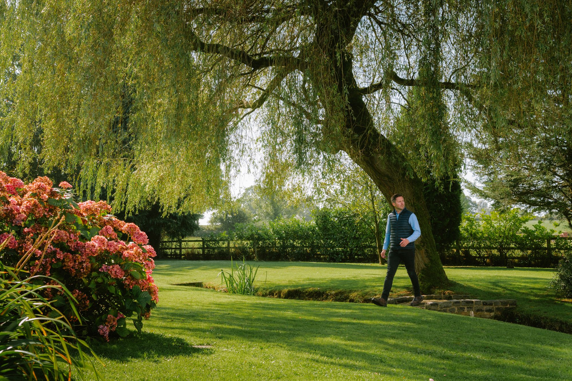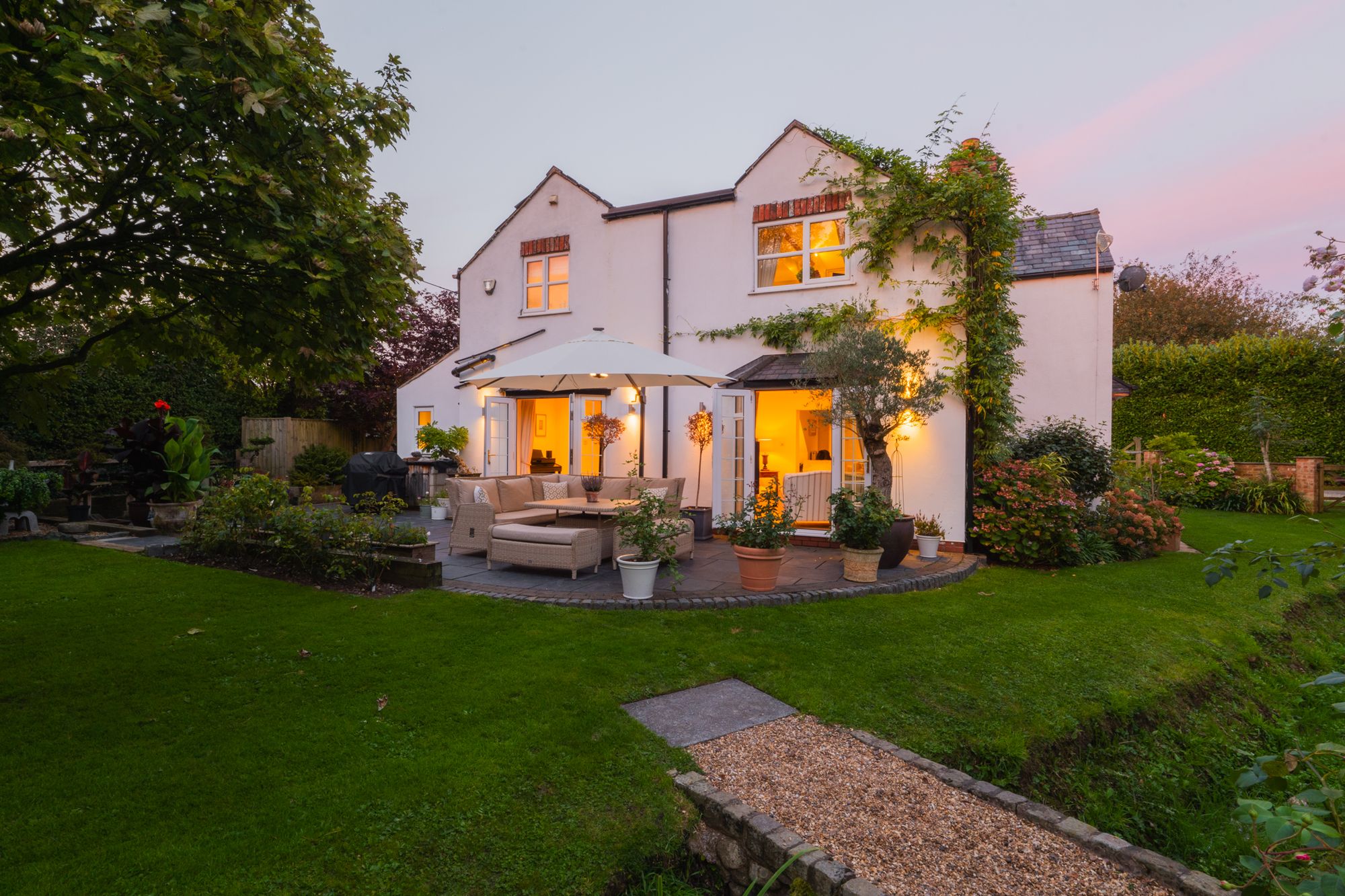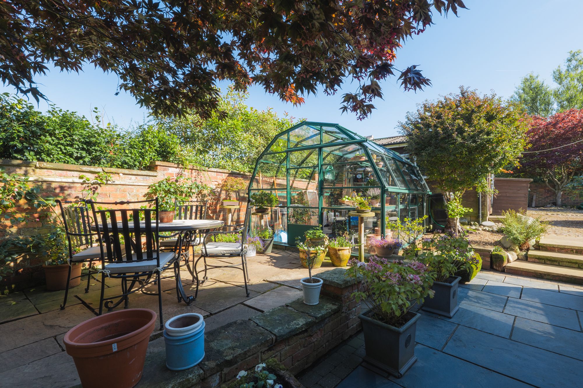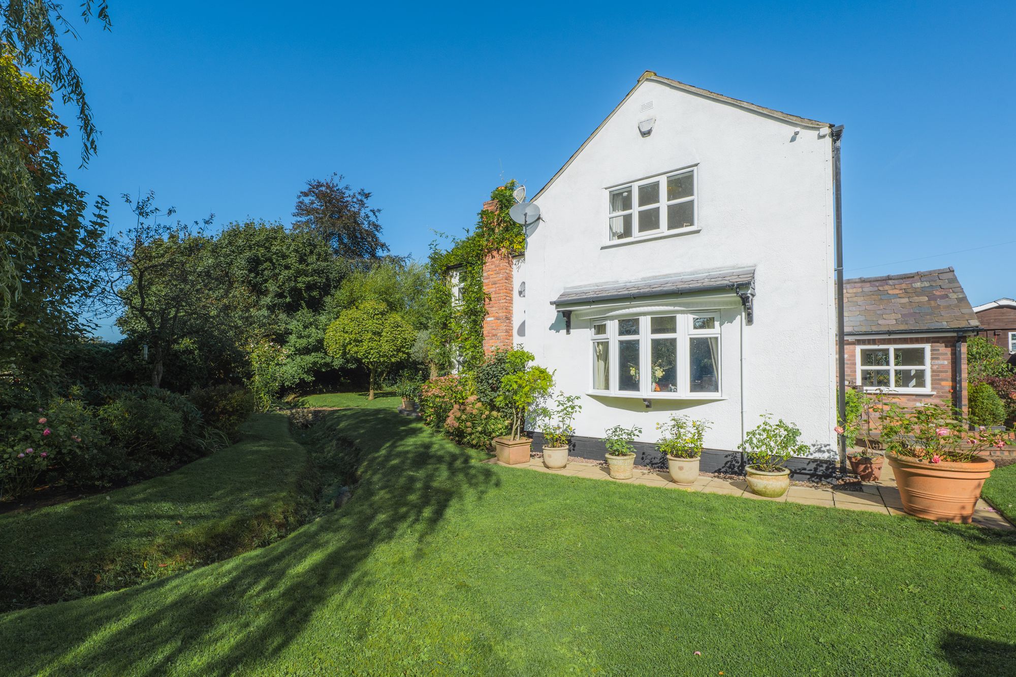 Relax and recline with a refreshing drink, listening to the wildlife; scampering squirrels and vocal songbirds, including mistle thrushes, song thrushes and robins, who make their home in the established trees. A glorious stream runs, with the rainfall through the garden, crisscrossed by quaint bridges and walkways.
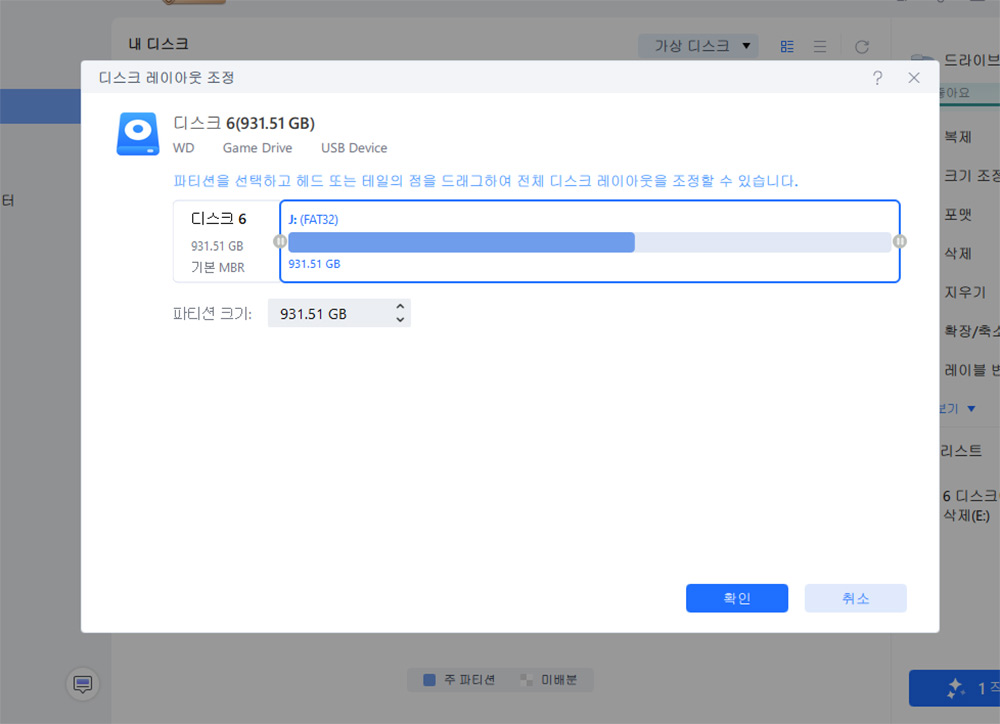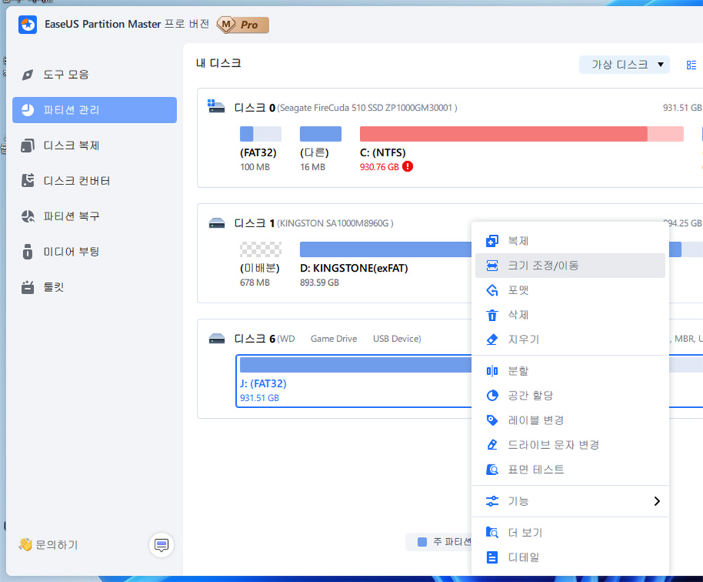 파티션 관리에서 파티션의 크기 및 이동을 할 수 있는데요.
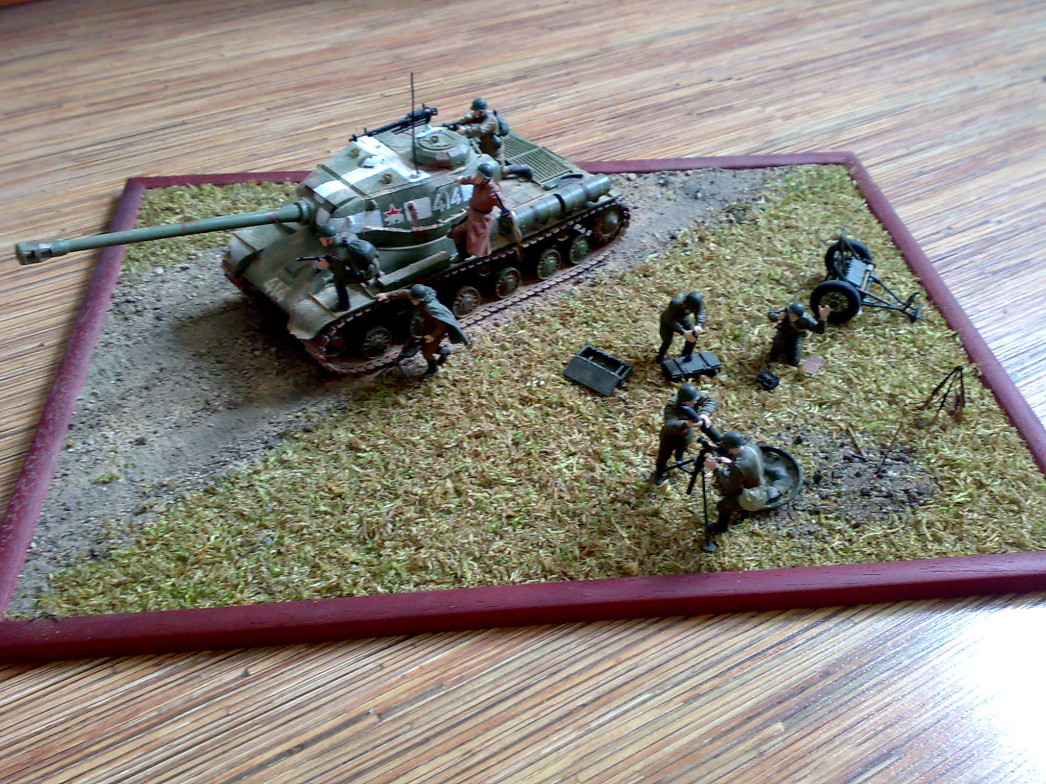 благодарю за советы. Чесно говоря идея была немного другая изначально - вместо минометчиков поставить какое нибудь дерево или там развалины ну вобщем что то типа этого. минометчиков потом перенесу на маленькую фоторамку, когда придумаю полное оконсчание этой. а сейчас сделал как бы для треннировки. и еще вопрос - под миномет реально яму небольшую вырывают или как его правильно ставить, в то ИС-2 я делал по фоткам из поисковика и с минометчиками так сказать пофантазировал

########################################

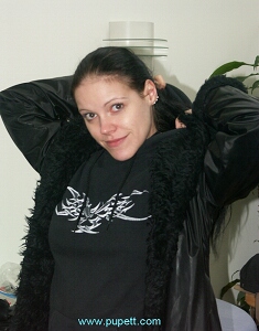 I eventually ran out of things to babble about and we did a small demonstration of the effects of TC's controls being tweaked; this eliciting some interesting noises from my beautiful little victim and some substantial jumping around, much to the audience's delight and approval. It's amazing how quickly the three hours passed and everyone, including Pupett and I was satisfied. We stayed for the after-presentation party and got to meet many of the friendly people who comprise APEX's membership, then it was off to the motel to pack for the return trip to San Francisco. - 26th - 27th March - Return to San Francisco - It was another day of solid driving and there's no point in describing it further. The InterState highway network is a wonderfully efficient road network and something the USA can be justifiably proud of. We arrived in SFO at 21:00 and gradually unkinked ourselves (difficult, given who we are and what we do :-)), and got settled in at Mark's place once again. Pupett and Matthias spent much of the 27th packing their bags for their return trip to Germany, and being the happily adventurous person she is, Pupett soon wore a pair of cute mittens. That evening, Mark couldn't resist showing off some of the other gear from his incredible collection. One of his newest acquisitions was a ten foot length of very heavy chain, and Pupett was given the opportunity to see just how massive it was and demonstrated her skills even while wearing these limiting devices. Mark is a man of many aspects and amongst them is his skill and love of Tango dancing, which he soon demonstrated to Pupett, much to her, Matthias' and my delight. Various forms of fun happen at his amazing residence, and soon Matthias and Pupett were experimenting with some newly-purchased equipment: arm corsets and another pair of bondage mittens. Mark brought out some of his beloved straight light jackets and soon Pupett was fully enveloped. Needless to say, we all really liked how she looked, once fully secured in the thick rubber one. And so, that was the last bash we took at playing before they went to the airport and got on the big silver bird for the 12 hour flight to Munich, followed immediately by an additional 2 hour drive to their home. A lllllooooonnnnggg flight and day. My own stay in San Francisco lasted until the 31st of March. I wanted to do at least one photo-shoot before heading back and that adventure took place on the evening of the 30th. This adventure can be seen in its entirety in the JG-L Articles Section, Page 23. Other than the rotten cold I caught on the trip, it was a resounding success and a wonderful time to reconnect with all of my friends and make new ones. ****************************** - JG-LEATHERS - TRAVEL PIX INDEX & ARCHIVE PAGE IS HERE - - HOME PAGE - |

########################################

PROBLEM:
Taking the entries above, copy word for word the lines from the one with "Relax and recline" up to and including the one with "благодарю за советы.", without any picture.

SOLUTION FOR THIS EXERCISE:
 Relax and recline with a refreshing drink, listening to the wildlife; scampering squirrels and vocal songbirds, including mistle thrushes, song thrushes and robins, who make their home in the established trees. A glorious stream runs, with the rainfall through the garden, crisscrossed by quaint bridges and walkways.
 파티션 관리에서 파티션의 크기 및 이동을 할 수 있는데요.
 благодарю за советы. Чесно говоря идея была немного другая изначально - вместо минометчиков поставить какое нибудь дерево или там развалины ну вобщем что то типа этого. минометчиков потом перенесу на маленькую фоторамку, когда придумаю полное оконсчание этой. а сейчас сделал как бы для треннировки. и еще вопрос - под миномет реально яму небольшую вырывают или как его правильно ставить, в то ИС-2 я делал по фоткам из поисковика и с минометчиками так сказать пофантазировал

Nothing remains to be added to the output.